The performance of non-independent directors, Board as a whole and of the Chairman was evaluated in a separate meeting of Independent Directors after taking into account the views of executive directors and non-executive directors.

PARTICULARS OF LOANS GIVEN, INVESTMENT MADE, GUARANTEE GIVEN AND SECURITIES PROVIDED

The particulars of the loans given, investment made, guarantee given, securities provided is mentioned in Standalone financial statements (please refer Note no. 32 and 36(b) of standalone financial statements.

CONTRACTS AND ARRANGEMENTS WITH RELATED PARTIES

All the contract(s)/arrangement(s)/transaction(s) entered by the Company during the financial year with related parties were in the ordinary course of business and on arm's length basis. There is no materially significant related party transactions entered into by the Company with its Promoters, Directors, Key Managerial Personnel or other Related Parties, which may have a potential conflict with the interest of the Company at large.

All related party transactions are placed before the Audit Committee for its approval.

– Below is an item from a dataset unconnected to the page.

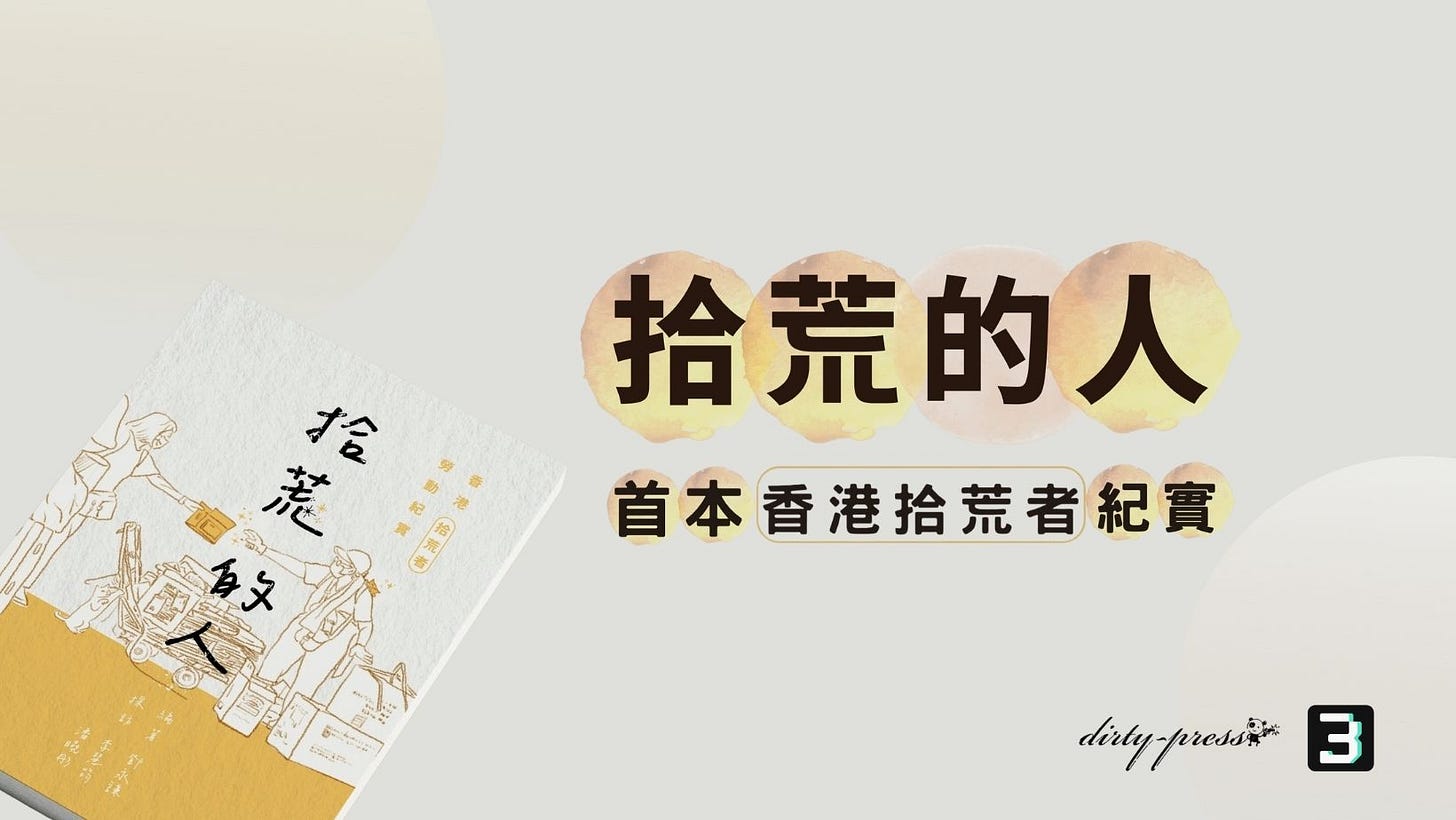 雖然「報紙婆」並不屬於這本書筆下的「拾荒者」,但開始閱讀時,腦海中第一個浮現的就是她。也因為她,原以為自己對「執紙皮」已有一點認知,看下去才發現,原來過往所見不過是皮毛。稱呼她為「報紙婆」,就像老一輩叫街市檔販「賣菜婆」、「豬肉佬」一樣,毫無貶意,純粹是直接、夠「庶民」。書中首先也探討了「拾荒者」這個名詞,引述了學者意見指出,這並非一個污名化的稱號。書中亦提到,拾荒者對稱呼的期望,調查顯示最多人接受的是「伯伯婆婆」、還有「環保先鋒」或「回收工作者」。不同的稱呼,確實也更立體地呈現這群「非正式工人」的身份。

Prior omnibus approval of the Audit Committee is obtained for the transactions, which are repetitive in nature. A statement giving details of all related party transactions is placed before the Audit Committee and the Board of Directors for their approval on a quarterly basis.

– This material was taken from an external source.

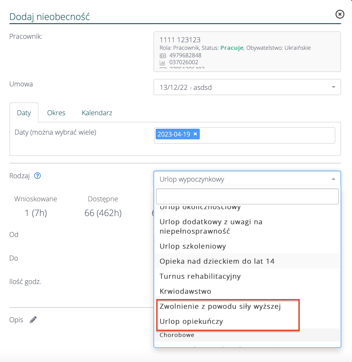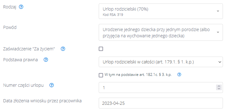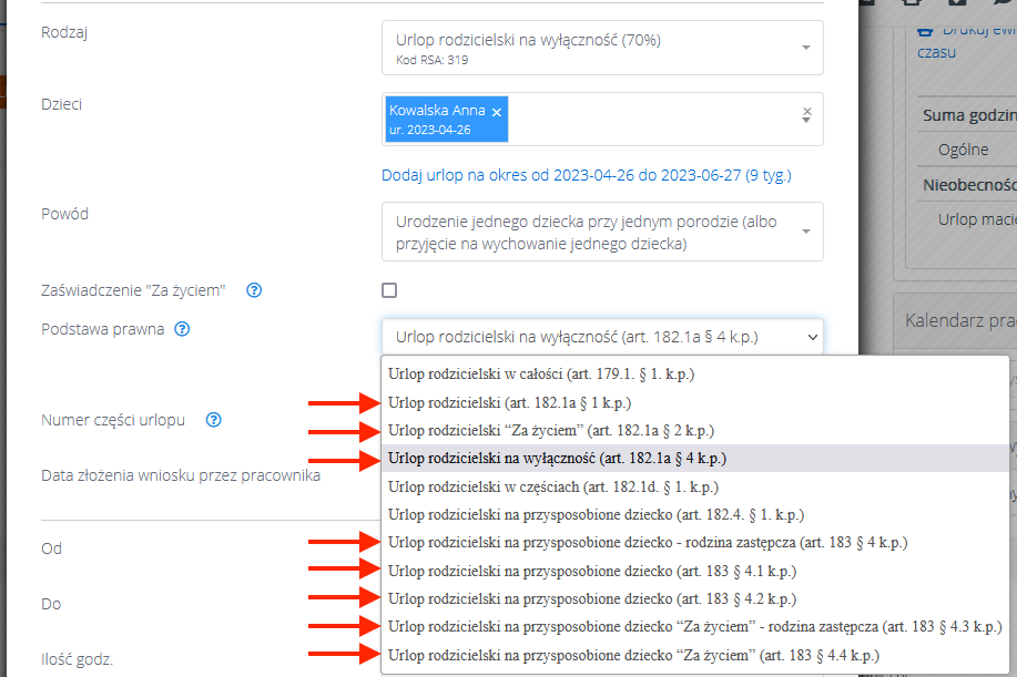 Podczas dodawania nieobecności „Urlop rodzicielski” – każdego typu (np. w  Pracownicy > Lista pracowników > Dany pracownik > Grafik > Dodaj nieobecność > Każdy typ urlopu rodzicielskiego), dodane zostały:

Your Directors draw the attention of the members to Note No.32 of the Financial Statements which sets out related party disclosures under Indian Accounting Standards (IND AS).

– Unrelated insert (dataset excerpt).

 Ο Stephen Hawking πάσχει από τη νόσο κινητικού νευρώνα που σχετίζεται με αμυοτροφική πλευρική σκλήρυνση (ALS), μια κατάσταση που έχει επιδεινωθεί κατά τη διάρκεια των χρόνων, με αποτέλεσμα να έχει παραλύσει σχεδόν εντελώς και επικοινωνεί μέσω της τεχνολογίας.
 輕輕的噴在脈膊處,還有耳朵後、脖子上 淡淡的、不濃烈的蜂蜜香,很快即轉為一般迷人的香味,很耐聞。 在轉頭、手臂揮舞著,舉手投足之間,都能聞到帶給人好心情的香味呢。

Further, the disclosure as required under section 134(3)(h) of the Companies Act, 2013 in Form AOC-2 annexed to this report.

The Policy on Related Party transactions may be accessed on the Company's website at the link https://www. emmsons.com/files/policies-and-programmes/related-party-transaction-policy.pdf.

Your Directors draw attention of the Members to the Note No. 32 to the standalone financial statements which set out the related party disclosures.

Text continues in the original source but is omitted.